▸ EXERCISE AIM
Write out the entries exactly, leaving out every picture.

(Data items)
◇ ◇ ◇ ◇ ◇

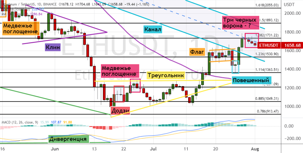 Текущими поддержками для котировок ETH выступают уровни $1 600 и $1 530, где проходит нижняя граница модели теханализа «Нисходящий канал» (обозначена бирюзовым цветом) и верхняя граница возможно формирующейся модели «Флаг». Если котировки опустятся ниже уровня $1 530, стоит ожидать падения эфира до уровней $1 363 и $1 300. В районе последнего также проходит линия 50-дневной SMA и верхняя граница «Треугольника». В рамках медвежьей динамики котировки альткоина устремятся к первым целям — $1 200, $1 100 и $1 050. В пользу реализации этого прогноза указывает возможное формирование модели «Три черных ворона» (обозначена розовым цветом), а также такие сигналы теханализа, как «Медвежье поглощение» (границы обозначены оранжевым цветом) и пробитие нижних границ «Клина».
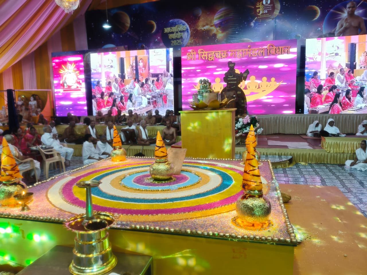 विधान के मुख्य पुण्यार्जक—सौधर्म इन्द्र सौमागमल कटारिया परिवार, राजा श्रीपाल राजेश शाह, धनपति कुबेर ऋषभ जैन, महायज्ञनायक विपिन पंचोरी साबला सहित 500 से अधिक इन्द्र-इन्द्राणी युगलों द्वारा सिद्धचक्र विधान पूजा की जा रही है। विधान मंडल को रंग-बिरंगे मोती, डायमंड व लाइटों से सजाया गया है, जो श्रद्धालुओं के आकर्षण का केंद्र बना हुआ है। धर्मसभा में आचार्य श्री सुनील सागरजी महाराज ने कहा—“सिद्धचक्र विधान, सिद्ध भगवान की महापूजा है। सिद्ध प्रभु अष्टकर्म से मुक्त होकर सिद्धशिला पर स्थित हुए हैं। उनकी आराधना से हमारे भी कर्मों का नाश होता है और पुण्य का बंध होता है।”
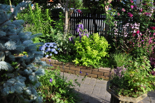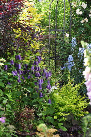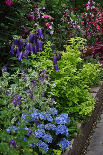 ホタルブクロ サラストロ、 山アジサイ 津江の小手まり、 シモツケ ホワイトゴールド
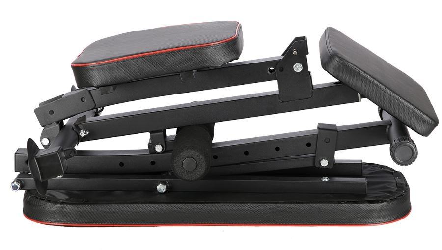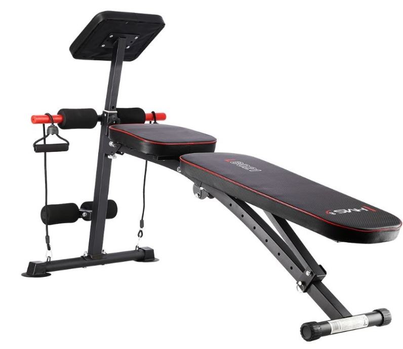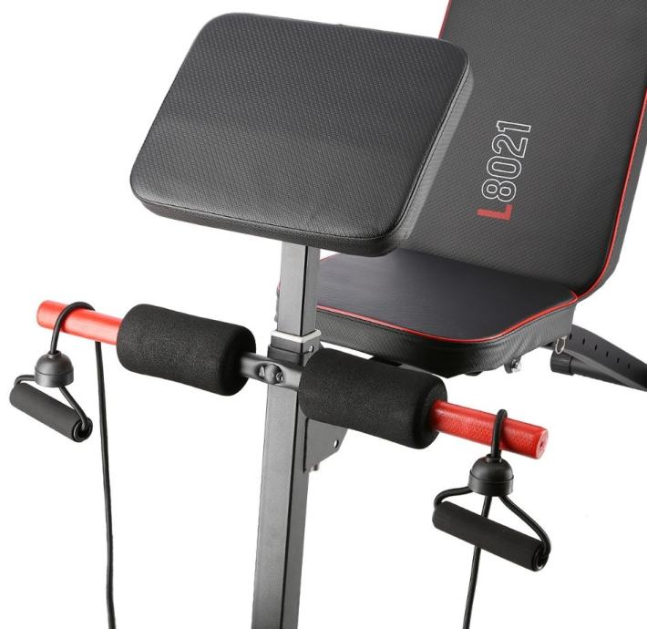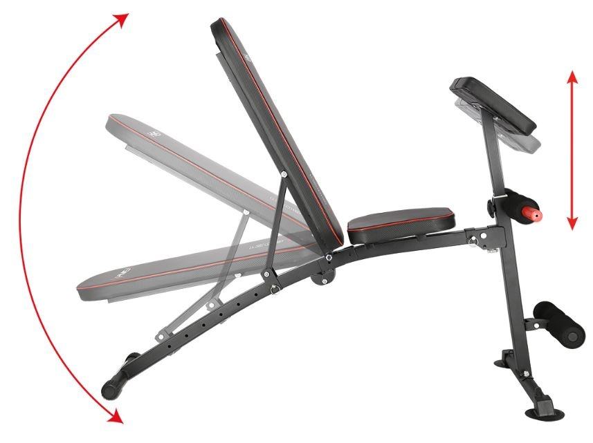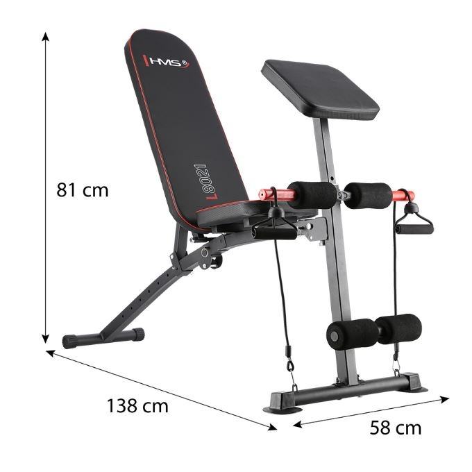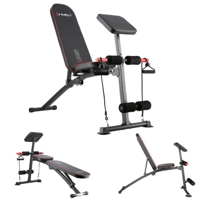 Multifunkcionalna fitness klupa za razne kućne vježbe. Klupa je sklopiva. Nagib naslona po potrebi se može podesiti u 7 različitih kutova, molitvenik se može podesiti na različite visine. Klupa je udobna i funkcionalna, a u isto vrijeme elegantna. Kombinacija crnog karbonskog materijala s crvenim rubovima daje izvrstan vizualni efekt koji je tipičan za marku HMS.Na njemu možemo vježbati:Arm curlPodizanje utega pod različitim kutovima naslonaTrbušne mišiće uvlačenjem nogu ispod pjenastih valjakaVježbanje sklekova na crvenim ručkamaVježbe s elastikamaMaterijal: čelik, mekana umjetna PU kožaDodatne ručke za vježbu sklekovaProfil 50 x 50 mmNaslon za leđa: 7 različitih položaja od -20 do 80 stupnjeva!Veličina: 138 x 58 x 81 cmTežina: 9,5 kgDopuštena težina: 150 kgGumice štite pod
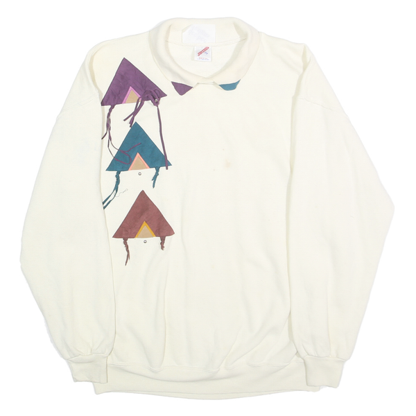 JERZEES Womens White & Multicolour Geometric Pullover Sweatshirt XL Collar
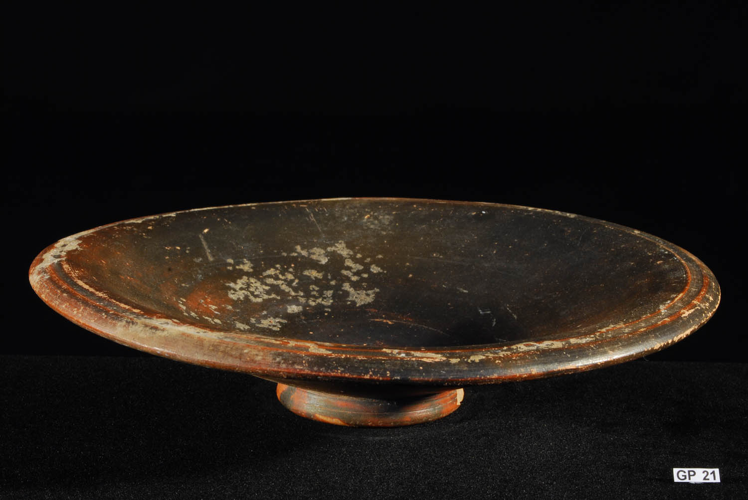 Description: Attic Black-Glaze Dish. 5th Century BC. Stylish conical form dish with grooved rim and a high ring foot. Ex British Museum Collection - duplicates sale. Greece. Fine buff clay.
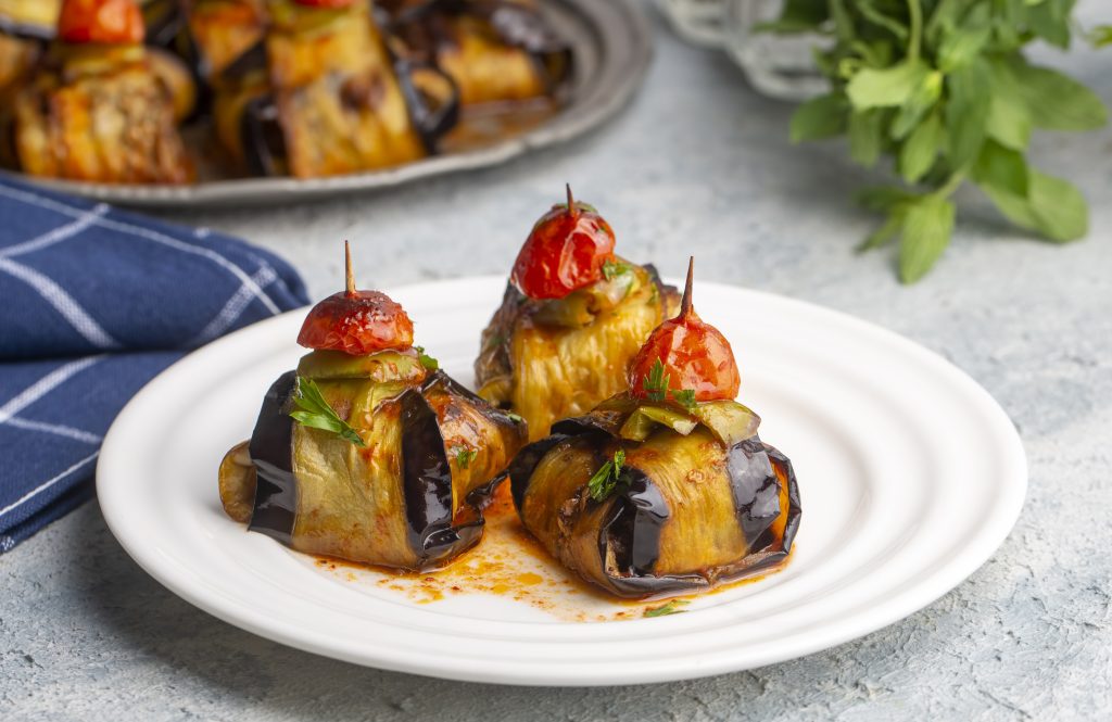 İslim Kebabını Oluşturun: Kızarttığınız patlıcanları her birine bir köfte yerleştirip sarın. Hazırladığınız bu sarılı patlıcanları fırın kabına dizin.
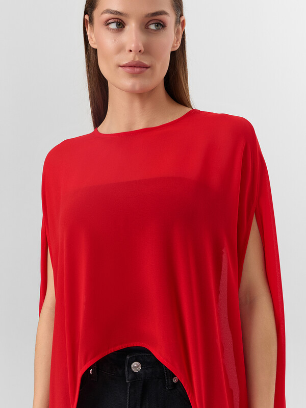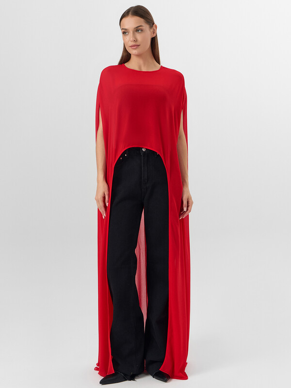 Круглая горловина с аккуратной отделкой и разрез на спинке с декоративной пуговицей отражают тщательную проработку каждой детали. Укороченный перед и удлиненная спинка образуют изящный фигурный край, а боковые разрезы вместо классических рукавов добавляют модели легкости.
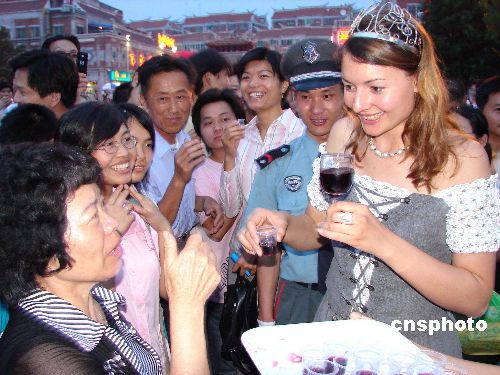 德国2005年葡萄酒皇后卡恰·施妮德小姐5月26日与泉州市民共享德国原产葡萄酒。“2006德国莱法州葡萄酒节”在泉州府文庙广场举行公众品酒会,现场多种德国原产葡萄酒供市民免费品尝。此次葡萄酒会是泉州市与德国诺伊施塔特市缔结友好城市关系十周年系列活动之一。中新社发 傅丹丹 摄

◇ ◇ ◇ ◇ ◇

▸ RESULT OF THE EXERCISE
 Текущими поддержками для котировок ETH выступают уровни $1 600 и $1 530, где проходит нижняя граница модели теханализа «Нисходящий канал» (обозначена бирюзовым цветом) и верхняя граница возможно формирующейся модели «Флаг». Если котировки опустятся ниже уровня $1 530, стоит ожидать падения эфира до уровней $1 363 и $1 300. В районе последнего также проходит линия 50-дневной SMA и верхняя граница «Треугольника». В рамках медвежьей динамики котировки альткоина устремятся к первым целям — $1 200, $1 100 и $1 050. В пользу реализации этого прогноза указывает возможное формирование модели «Три черных ворона» (обозначена розовым цветом), а также такие сигналы теханализа, как «Медвежье поглощение» (границы обозначены оранжевым цветом) и пробитие нижних границ «Клина».
 विधान के मुख्य पुण्यार्जक—सौधर्म इन्द्र सौमागमल कटारिया परिवार, राजा श्रीपाल राजेश शाह, धनपति कुबेर ऋषभ जैन, महायज्ञनायक विपिन पंचोरी साबला सहित 500 से अधिक इन्द्र-इन्द्राणी युगलों द्वारा सिद्धचक्र विधान पूजा की जा रही है। विधान मंडल को रंग-बिरंगे मोती, डायमंड व लाइटों से सजाया गया है, जो श्रद्धालुओं के आकर्षण का केंद्र बना हुआ है। धर्मसभा में आचार्य श्री सुनील सागरजी महाराज ने कहा—“सिद्धचक्र विधान, सिद्ध भगवान की महापूजा है। सिद्ध प्रभु अष्टकर्म से मुक्त होकर सिद्धशिला पर स्थित हुए हैं। उनकी आराधना से हमारे भी कर्मों का नाश होता है और पुण्य का बंध होता है।”
 ホタルブクロ サラストロ、 山アジサイ 津江の小手まり、 シモツケ ホワイトゴールド
 Multifunkcionalna fitness klupa za razne kućne vježbe. Klupa je sklopiva. Nagib naslona po potrebi se može podesiti u 7 različitih kutova, molitvenik se može podesiti na različite visine. Klupa je udobna i funkcionalna, a u isto vrijeme elegantna. Kombinacija crnog karbonskog materijala s crvenim rubovima daje izvrstan vizualni efekt koji je tipičan za marku HMS.Na njemu možemo vježbati:Arm curlPodizanje utega pod različitim kutovima naslonaTrbušne mišiće uvlačenjem nogu ispod pjenastih valjakaVježbanje sklekova na crvenim ručkamaVježbe s elastikamaMaterijal: čelik, mekana umjetna PU kožaDodatne ručke za vježbu sklekovaProfil 50 x 50 mmNaslon za leđa: 7 različitih položaja od -20 do 80 stupnjeva!Veličina: 138 x 58 x 81 cmTežina: 9,5 kgDopuštena težina: 150 kgGumice štite pod
 JERZEES Womens White & Multicolour Geometric Pullover Sweatshirt XL Collar
 Description: Attic Black-Glaze Dish. 5th Century BC. Stylish conical form dish with grooved rim and a high ring foot. Ex British Museum Collection - duplicates sale. Greece. Fine buff clay.
 İslim Kebabını Oluşturun: Kızarttığınız patlıcanları her birine bir köfte yerleştirip sarın. Hazırladığınız bu sarılı patlıcanları fırın kabına dizin.
 Круглая горловина с аккуратной отделкой и разрез на спинке с декоративной пуговицей отражают тщательную проработку каждой детали. Укороченный перед и удлиненная спинка образуют изящный фигурный край, а боковые разрезы вместо классических рукавов добавляют модели легкости.
 德国2005年葡萄酒皇后卡恰·施妮德小姐5月26日与泉州市民共享德国原产葡萄酒。“2006德国莱法州葡萄酒节”在泉州府文庙广场举行公众品酒会,现场多种德国原产葡萄酒供市民免费品尝。此次葡萄酒会是泉州市与德国诺伊施塔特市缔结友好城市关系十周年系列活动之一。中新社发 傅丹丹 摄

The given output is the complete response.